Ей хотелось плакать. Бедный, бедный Георгос...
– Но твоя мать любит тебя, – возразила она. – Правда.
Он медленно кивнул.
– Да, думаю, что так... сейчас. Я значительно вырос в ее глазах с тех пор, как женился на тебе. Но в мои детские годы ей явно было трудно смотреть на меня и не... вспоминать.
Смею сказать, я не слишком помогал делу, во всем пойдя по стопам отца. Я даже совершил смертный грех, полюбив секс не меньше, чем он. Это явилось последней каплей!
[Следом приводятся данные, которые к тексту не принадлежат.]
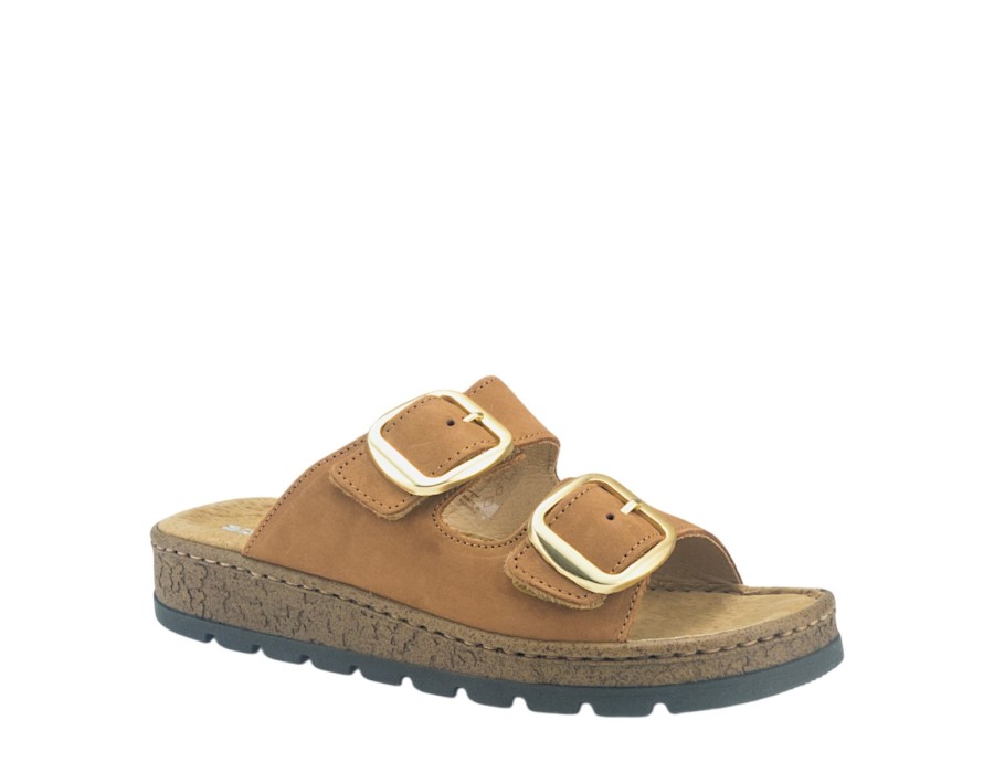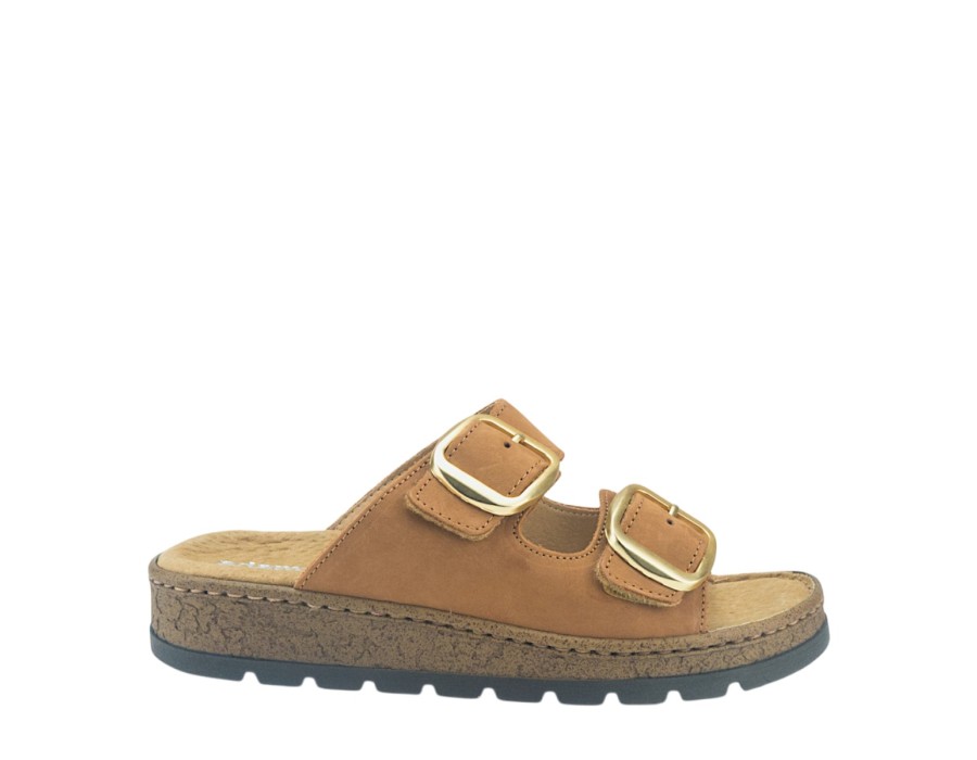 Γυναικεία σανδάλια κατασκευασμένα από δέρμα σε ταμπά χρώμα, από την εταιρεία Adam's. Διαθέτουν δυο ρυθμιζόμενα λουριά και προσαρμόζονται απόλυτα στο πόδι. Ιδανικά να σας συνοδεύσουν στην καθημερινότητα και να συνδυαστούν με όλες σας τις εμφανίσεις.
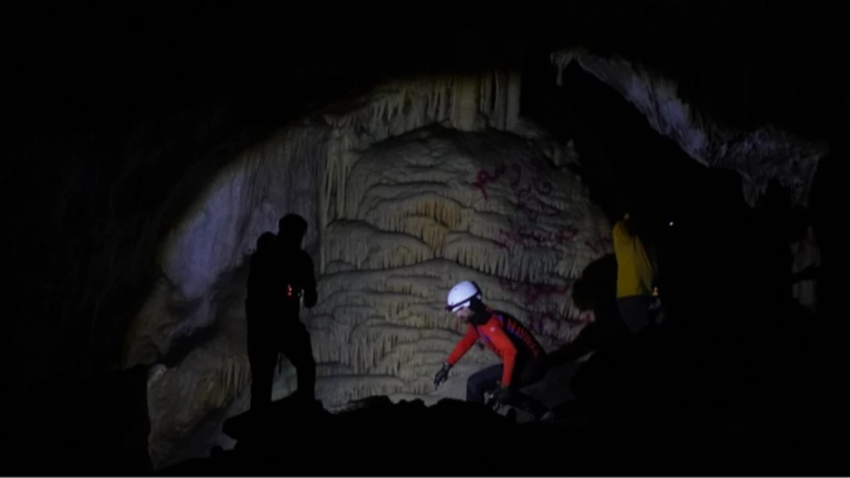 AA muhabiri bir dağcılık rehberi eşliğinde, mağarada yer alan doğal oluşumları görüntüledi.
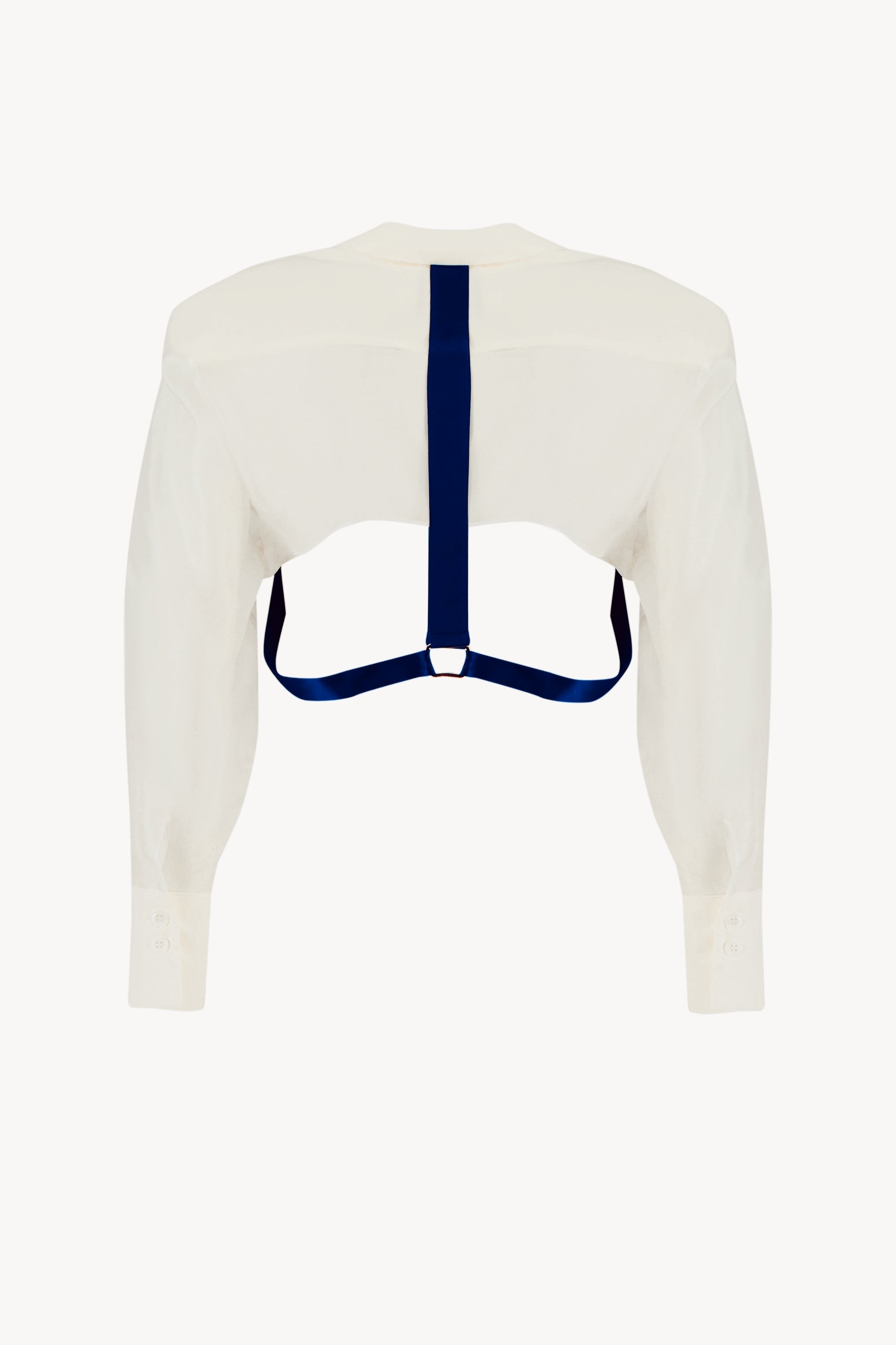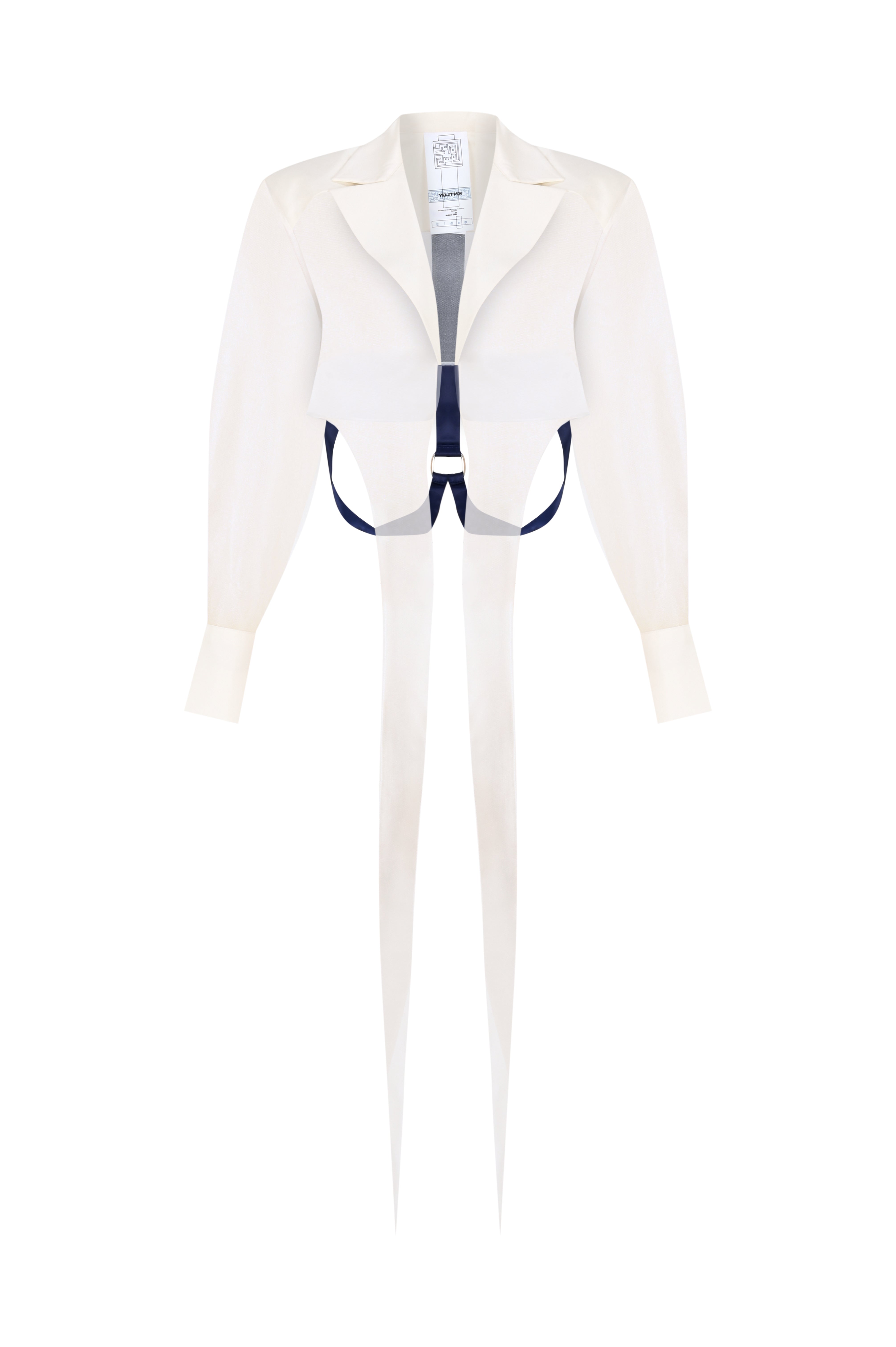 KNTLGY Ekru Organze Crop Ceket, modern ve fütüristik bir görünüm için mükemmel bir giysidir. Hafif kumaşı ve kırpılmış uzunluğu onu...
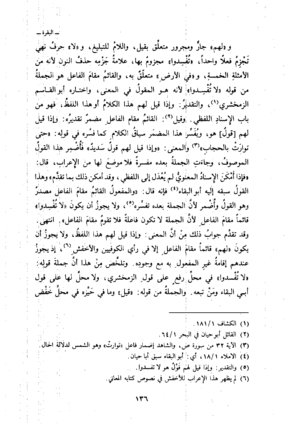 و «لهم» جارٌّ ومجرور متعلِّق بقيل، واللامُ للتبليغ، و «لا» حرفُ نهي تَجْزِمُ فعلاً واحداً، «تُفْسِدوا» مجزومٌ بها، علامةُ جَزْمِه حذفُ النون لأنه من الأمثلةِ الخمسةِ، و «في الأرضِ» متعلّقٌ به، والقائمُ مقامَ الفاعل هو الجملةُ من قوله «لا تُفْسِدوا» لأنه هو المقولُ في المعنى، واختاره أبو القاسم الزمخشري، والتقديرُ: وإذا قيل لهم هذا الكلامُ أو هذا اللفظُ، فهو من باب الإِسنادِ اللفظي. وقيل: القائمُ مقام الفاعلِ مضمرٌ تقديرُه: وإذا قيل لهم [قولٌ] هو، ويُفَسِّر هذا المضمَر سياقُ الكلامِ كما فسَّره في قولِه: {حتى تَوَارَتْ بالحجاب} [ص: 32] والمعنى: «وإذا قيل لهم قولٌ سَديدٌ» فَأُضْمِر هذا القولُ الموصوفُ، وجاءَتِ الجملةُ بعده مفسرةً فلا موضعَ لها من الإِعراب، قال: «فإذا أَمْكَنَ الإِسنادُ المعنويُّ لم يُعْدَل إلى اللفظي، وقد أمكن ذلك بما تقدَّم» وهذا القولُ سبقه إليه أبو البقاء فإنه قال: «والمفعولُ القائمُ مقامَ الفاعل مصدرٌ وهو القولُ وأُضْمر لأنَّ الجملة بعد تفسِّره، ولا يجوزُ أن يكونَ» لا تُفْسِدوا «قائماً مقامَ الفاعلِ لأنَّ الجملة لا تكون فاعلةً فلا تقومُ مقامَ الفاعل» . انتهى. وقد تقدَّم جوابُ ذلك مِنْ أنَّ المعنى: وإذا قيل لهم هذا اللفظُ، ولا يجوزُ أن يكونَ «لهم» قائماً مقامَ الفاعلِ إلا في رأي الكوفيين والأخفشِ، إذ يجوزُ عندهم إقامةُ غيرِ المفعولِ به مع وجودِه. وتلخَّص مِنْ هذا أنَّ جملةَ قولِه: «لا تُفْسدوا» في محلِّ رفعٍ على قولِ الزمخشري، ولا محلَّ لها على قول أبي البقاء ومَنْ تبعه. والجملةُ من قوله: «قيل» وما في حيِّزِه في محلِّ خَفْض
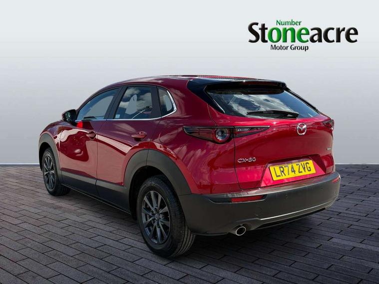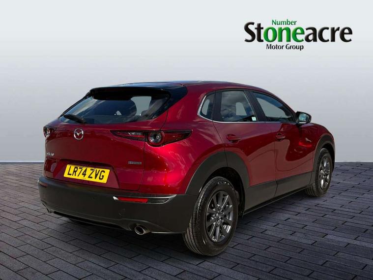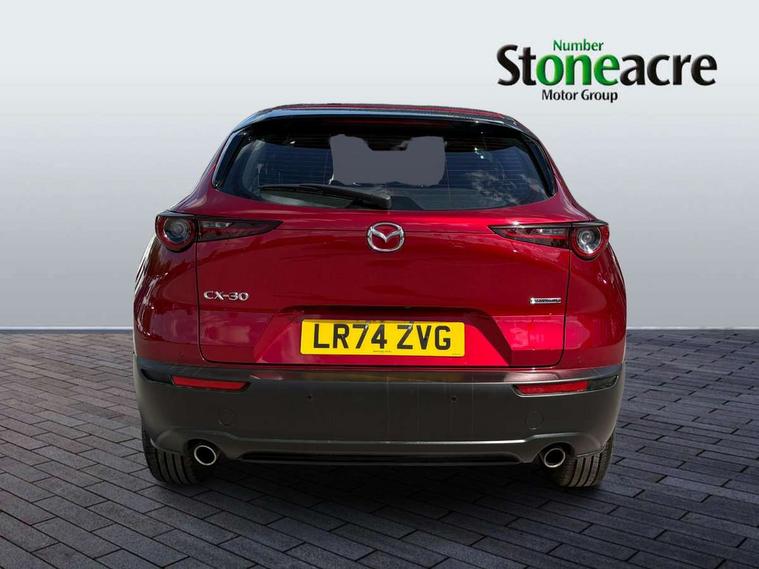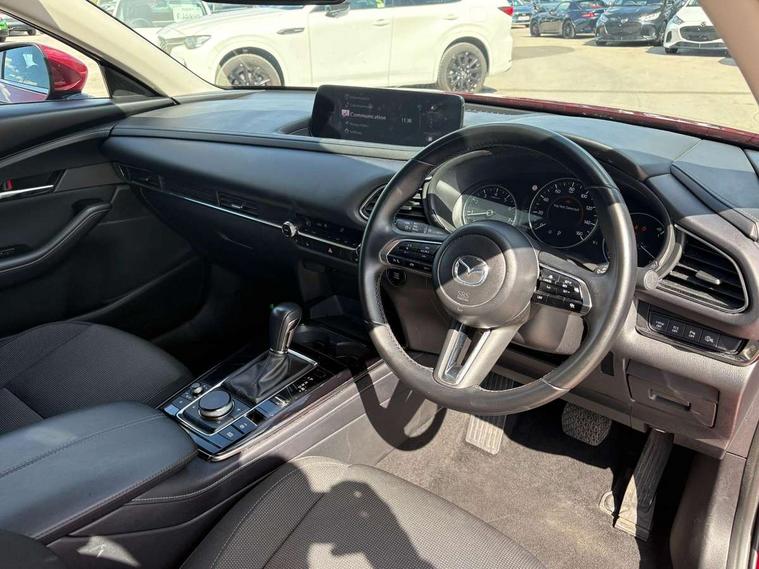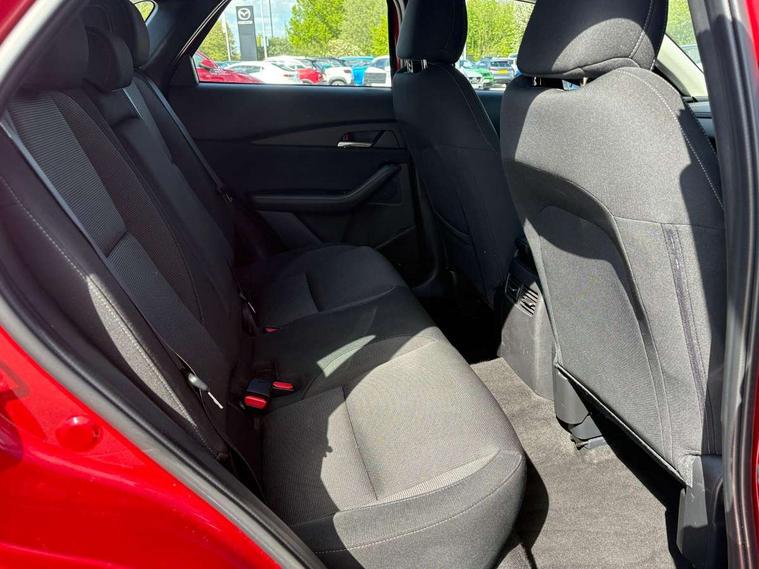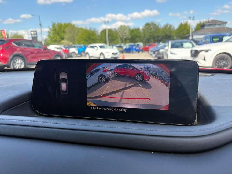 10.25" display with Mazda Connect infotainment, 7" TFT Colour driver instrument panel display, Adaptive cruise control (Mazda radar cruise control) features stop and go, Blind spot monitoring with rear cross traffic alert, Drive mode selector, Driver attention alert system, E-call with GPS, Emergency stop signalling system, Engine start/stop button, Front and rear parking sensors, Integrated bluetooth, Integrated Mazda navigation system, Intelligent speed assist, Lane keep assist system (LAS) with Lane departure warning system (LDWS), Mazda connected services, PAS, Qi wireless charging, Reversing camera, Service indicator, Tailgate, Traffic sign recognition, Trip computer, Windscreen projected colour active driving display (HUD), Wireless Apple CarPlay/Android Auto, Cylinder Deactivation, i-stop, 2 USB charging ports in front inner central armrest, AM / FM / DAB radio with 8 speakers, Multimedia Commander including separate volume dial, Steering wheel mounted audio/bluetooth controls, B-pillar and C-pillar garnishes in satin black finish, Auto dimming driver's door mirror, Auto dimming rear view mirror, Auto headlight levelling, Body coloured, electrically adjustable, heated auto power folding door mirrors with integrated indicators, Chrome finish signature wing in front grille, Coming/leaving home lighting function, Dual chrome exhaust, Dusk sensing headlights, Electric front/rear windows with one touch auto up/down, Front kodo turn signal, Gloss black rear roof spoiler, LED headlights with halogen daytime running lights and high beam control, LED rear combination lights, Rain sensing front wipers with adjustable speed and intermittent wipe, Rear fog lights, Rear side wing doors, Rear wiper, Satin black front grille, Third brake light, 12V power outlet in centre console, 3 seat bench in 2nd row, 60/40 split fold down rear seats, Chrome interior trim accents with steering wheel centre bezel, surround of engine start / stop button and glove box handle, Cloth upholstery with interior accents, Dark cloth door panel inserts, Dashboard, door cards and front centre armrest in black cloth, Driver and front passenger visors with covered vanity mirror and driver ticket holder, Driver seat manual slide, recline, height and seat tilt adjust, Driver, front passenger and two rear door storage, Driver, Front passenger and two rear grab handles with coathooks, Dual zone climate control air conditioning with rear air vents, Folding rear centre armrest with two cup holders, Front and rear (x3) head restraints, Front and rear LED lighting, Front armrest, Front centre storage with two cupholders, Front passenger seatback pockets, Front passengers seat manual slide, recline and height adjustment, Gear shift indicator, Glovebox illumination, Heated front seats with 3 stage setting, ISOFIX child seat anchorage points attached on outer rear seats, Leather wrapped gear shift knob, Leather wrapped steering wheel with telescopic and tilt adjustment, LED luggage compartment lighting, Light roof headlining and pillars, Roof mounted sunglasses holder, Single front passenger seat, 3 point ELR front seat belts x2 with pretensioners, 3 point ELR rear seat belts, Anti-lock braking system (ABS), Drivers knee airbag, DSC - Dynamic Stability Control, Electronic parking brake with auto disengage function and auto hold function, Front and rear curtain airbags, Front dual stage driver and single stage front passenger airbags, Front passenger airbag cut-off switch, Front side airbags, Front smart city brake support, G-Vectoring control plus, Hill launch assist, Manual child lock in rear doors, Mild Hybrid system with regenerative braking, Seatbelt reminder for driver/front passenger and rear seats, Traction control system (TCS), Tyre pressure monitoring system (TPMS), Remote central locking with deadlocking and automatic door lock when driving, Smart keyless entry, Thatcham accredited alarm and immobiliser, 16" Grey metallic alloy wheels, Emergency tyre repair kit,
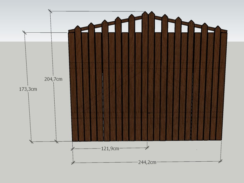 Součástí projektu byl také návrh a výroba 24 kusů plotových planěk dle grafického návrhu našeho kolegy. Všechny plaňky měly shodné rozměry 1,8 × 9,4 cm, lišily se však tvarem zakončení – 12 planěk bylo v horní části zakončeno rovně a 12 planěk mělo horní zakončení do špice. Tento detail dodal vratům vizuální zajímavost, která ladí s tradičním stylem venkovských plotů.
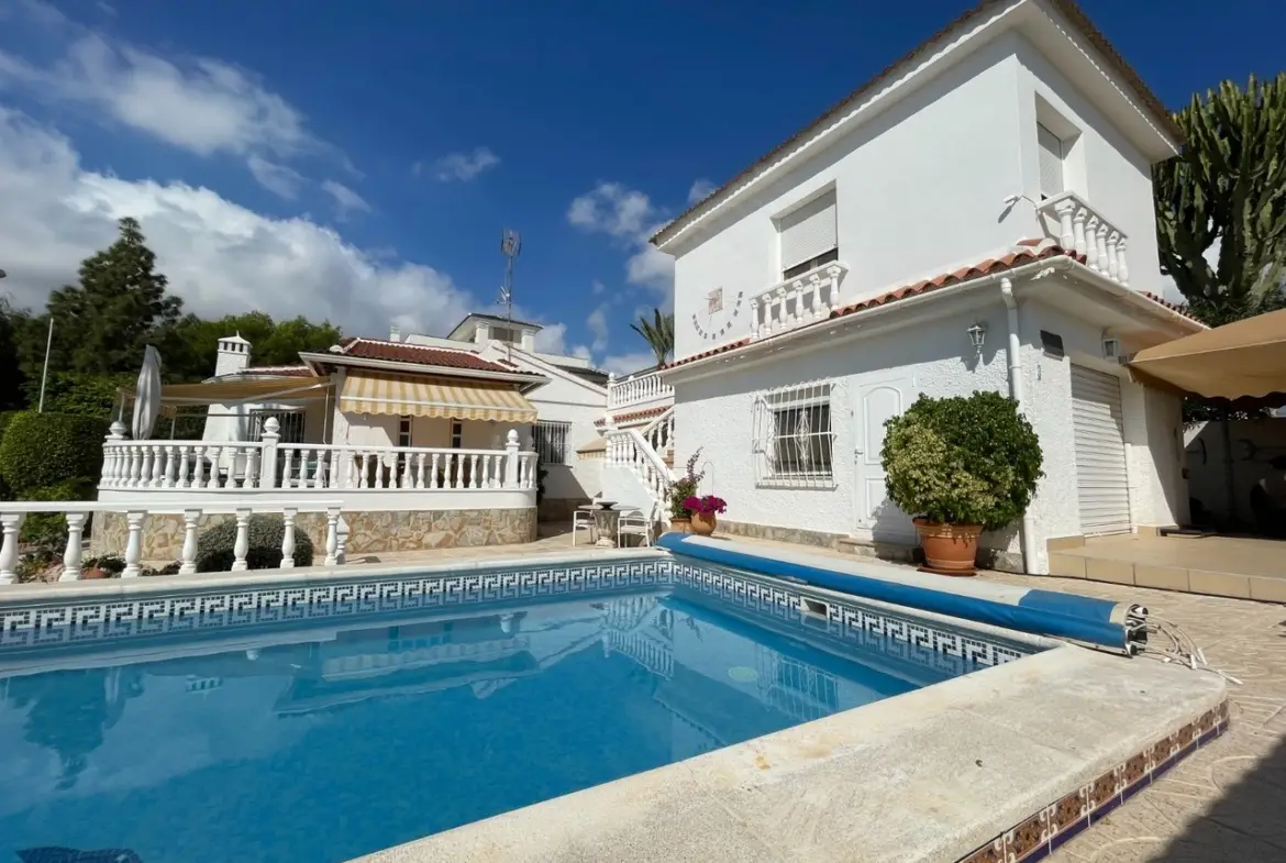 Uitstekende locatie, op loopafstand van het centrum van Ciudad Quesada. Privéterrein met verzorgde tuin, zwembad en meerdere terrassen. Lichte woonkamer met open haard, eetkamer en volledig uitgeruste keuken. Slaapkamers met ingebouwde kasten, inclusief een aparte gastenkamer met eigen badkamer. Garage, privéparkeerplaats en flexibele ruimtes met mogelijkheden tot aanpassing. Solarium met uitzicht, ideaal om van de Middellandse Zee zon te genieten. Dicht bij La Marquesa Golf, de stranden van Guardamar (15 min.) en de luchthaven van Alicante (35 min.).

И только когда я стал взрослым мужчиной и отец мне все объяснил, я перестал винить мать за ее отношение ко мне. Но я винил ее за другое: она вынудила своего мужа повсюду искать то, что он мог получать дома. Признаю, он не был святым. Он, конечно, делал ошибки, не самой малой из которых стало его обращение с Леонндасом. Как человек старой закалки, он не понимал его чувствительного и немного женственного характера, нещадно им командовал и помыкал, думая, что делает из мальчика мужчину.
Георгос покачал головой.
– Должен признаться, что Леонидас разочаровал и меня. Сколько раз мне приходилось вступаться за него в школе! Отец не мог понять, почему Леонидас не давал сдачи, почему с синяками под глазом вечно ходил я, а не мой старший брат. Когда Леонидас захотел учиться балету, отец отдал его в школу бокса. Когда он решил заняться живописью, его стали пичкать уроками ведения бизнеса.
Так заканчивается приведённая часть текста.